Нарком умышленно задремал и участия в переговорах между мамой и папой не принял. Он знал, когда выгодно дремать, а когда бодрствовать. Но в отсутствие охранника стал поглядывать на маму еще активнее. Она же, по собственному признанию, «взглядам» начальства не подчинялась. Так она действовала в своем мединституте, где преподавала историю партии. Вероятно, по инерции и на взгляды народного комиссара не реагировала. А он преодолевал усталость, вызванную интересами государства, интересом к маминой прелести. Но когда натыкался на безразличие, интерес временно угасал — и нарком уже не нарочито, а естественно начинал дремать. Потом, вздрогнув всем телом, но как-то дробно, не одновременно (тело было слишком солидным и вздрагивало по частям), он мысленно перешагивал в свой наркомат, принимался что-то подсчитывать в записной книжке. Направляясь к телефону, нарком грузно наваливался на спинку отцовского стула и консультировался с отцом.

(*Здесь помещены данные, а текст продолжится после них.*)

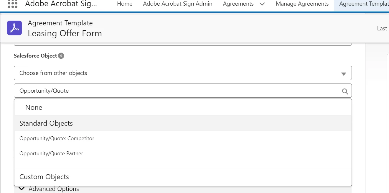 I am not getting object name Opportunity  in the list of salesforce objects when I am creating agreement Template. I am seeing Opportunity/Quote:Competitor and Opportunity/Quote Partner in options.
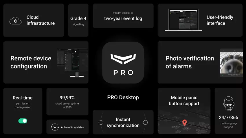 Zaktualizowana została również desktopowa wersja aplikacji do administrowania systemami bezpieczeństwa Ajax – PRO Desktop 3.0. Ma wersje dla Windows i MacOS. Nowa opcja oferuje administratorom szybkie połączenie i zdalną konfigurację urządzeń, elastyczny system uprawnień dostępu i szczegółowy dziennik zdarzeń do monitorowania pracowników, a także wbudowaną foto weryfikację alarmów oraz obsługę mobilnego przycisku SOS.
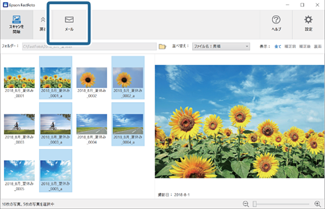 メールソフトウェアをセットアップしていない場合、セットアップするように案内されます。Epson FastFotoはGmailなどウェブベースのメールには対応していません。
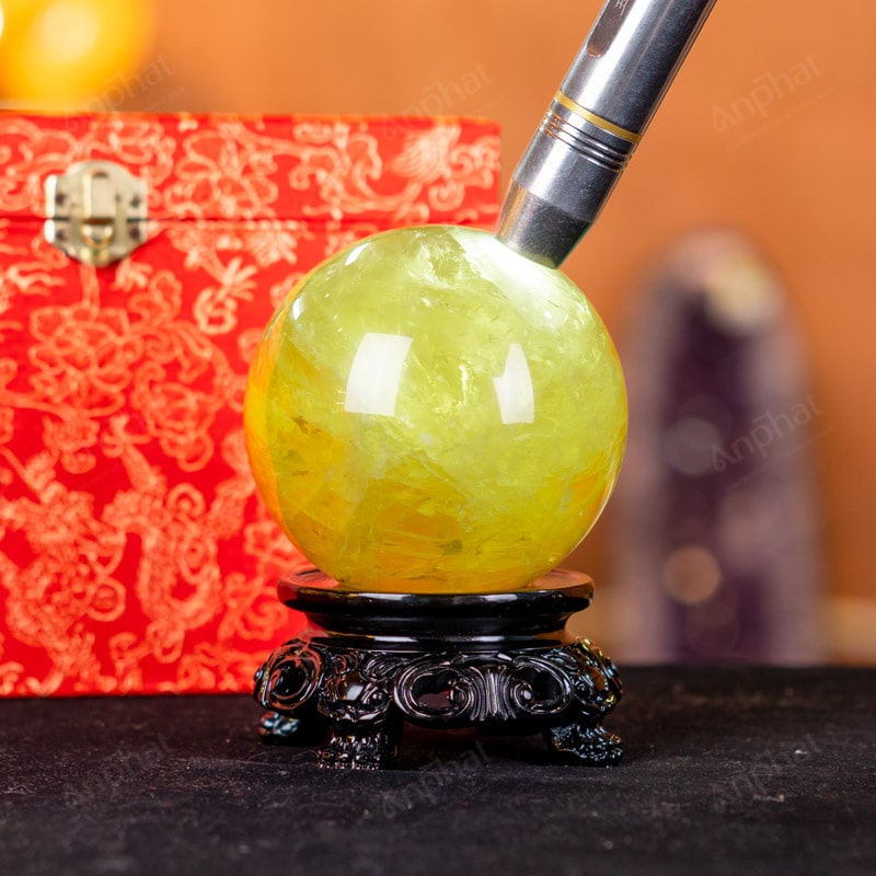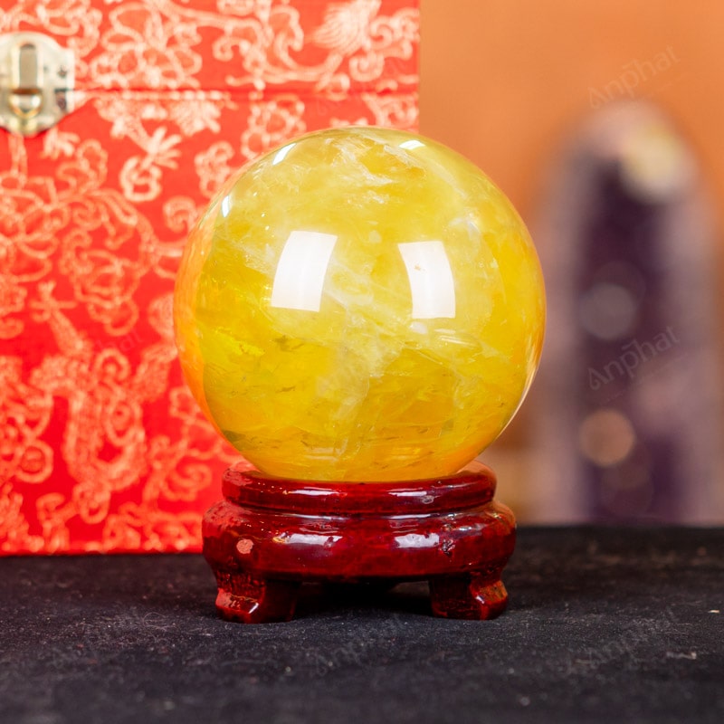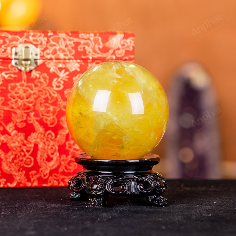 Ảnh cận cảnh quả cầu đá thạch anh vàng

Внешне подвергая его ответы сомнению, он тем не менее записывал их. И делал это с видом учителя, собирающегося поставить за ответ тройку. Заблокировав по бокам трубку рукой, звонил, давал неслышные нам указания. После этого подчинялся усталой дреме, чтобы из подчиненного минут через двадцать вновь превратиться в руководителя. Но он ни разу не превращался в него, минуя отца! В наркомате было много управлений, отделов и трестов, однако единственный трест, без которого нарком не мог обойтись и часа, назывался «мозговым трестом». А это как раз и был мой отец…
— Какой-то ненасытный аппетит на отцовскую мудрость. Слава Богу, что она, кажется, неиссякаема! — с гордостью, приглушенной легким упреком в адрес наркома, говорила мама.

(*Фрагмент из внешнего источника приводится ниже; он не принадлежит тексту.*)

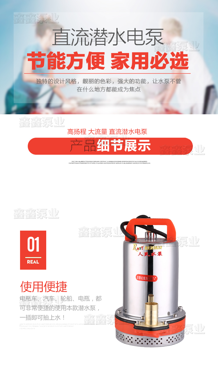 家用12V24V48V60V72伏直流潛水泵農(nóng)用電瓶抽水機(jī)高揚(yáng)程電動(dòng)車水泵
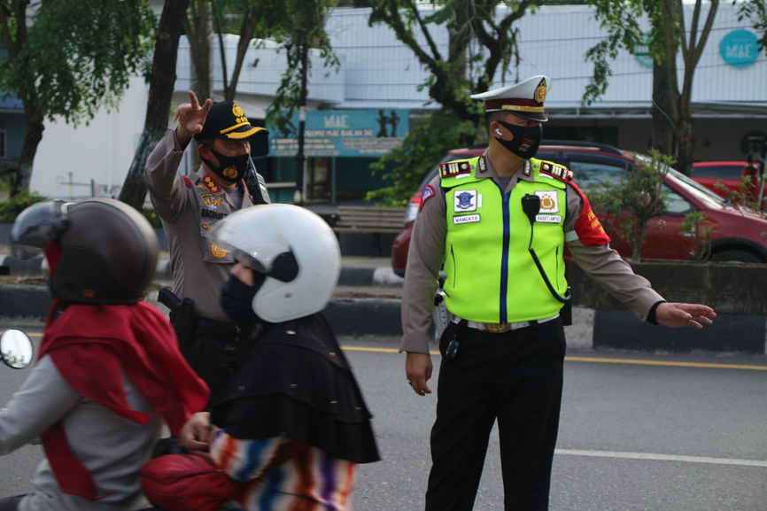 Banjarmasin, BARITO – Usai apel pagi Kapolresta Banjarmasin Kombes Pol Rachmat Hendrawan turun langsung ke jalan depan mapolresta, guna mensosialisasikan Lajur Kiri atau Kanalisasi, Senin (6/7/2020). Jalur khusus itu untuk sepeda motor akan diuji coba di sepanjang Jalan Akhmad Yani

Отец был заместителем наркома, и я не понимала, почему «заместителем», если нарком с ним непрестанно советовался.
— Он потому и нарком, что не боится советоваться, — объяснил мне отец. И добавил: — Он никогда не спит.
— А у нас дремлет…
— Я для того его и зову: должен же человек когда-нибудь отключаться. И общаться с людьми не по делу!
Мне в отличие от отца было ясно, что приезжает к нам народный комиссар не для общения с народом, а для общения с мамой. Хотя бы на расстоянии. Мужчинам доставляло удовольствие просто видеть ее. Это я четко осознавала даже в свои одиннадцать с половиной лет. Осознавала и то, что нарком ищет у нас не покоя, а как раз того, что людей покоя лишает. Я не умела еще так формулировать свои впечатления, но и не будучи сформулированными, они были весьма безошибочны. Дети реагируют острее, чем взрослые, на все, что не требует опыта. Это я поняла, лишь приобретя опыт.

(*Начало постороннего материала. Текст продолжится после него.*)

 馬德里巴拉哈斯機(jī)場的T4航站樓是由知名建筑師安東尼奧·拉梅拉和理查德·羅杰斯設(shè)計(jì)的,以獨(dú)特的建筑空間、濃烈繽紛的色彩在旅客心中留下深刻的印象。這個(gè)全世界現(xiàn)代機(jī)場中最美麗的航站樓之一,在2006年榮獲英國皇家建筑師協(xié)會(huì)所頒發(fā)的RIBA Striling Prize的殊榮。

Иногда мама просила комкора не петь при мне каких-то романсов.
— Не позволяет аудитория! — говорила она.
Было странно, что меня называли тяжеловесным словом «аудитория». Затем меня отправляли спать. И я думала, что именно тогда комкор и начинает петь то, что, по мнению мамы, не должно было проникать в мои уши, а через них еще глубже.
Я страдала, когда подчеркивали не только хрупкость моего телосложения, но и детскую хрупкость моего сознания.
Раздираемая обидой и любопытством, я однажды решила подслушать, что же все-таки в мое отсутствие исполняет комкор…
Но он ничего не успел исполнить: мама вдруг отобрала гитару и вернула ее на стену, где она обычно висела, — рядом с портретами двух бабушек и двух дедушек. Всех их на этом свете давно уже не было, а гитара напоминала, что песни, переживая людей, которые их любили, доносили до нас отзвук их надежд и мечтаний.
Двух дедушек и одну из двух бабушек я на земле не застала. А мамина мама растила и воспитывала меня до семи лет.
— Мечтаю повести тебя на первый школьный урок!
Но повести меня в школу бабушке не довелось.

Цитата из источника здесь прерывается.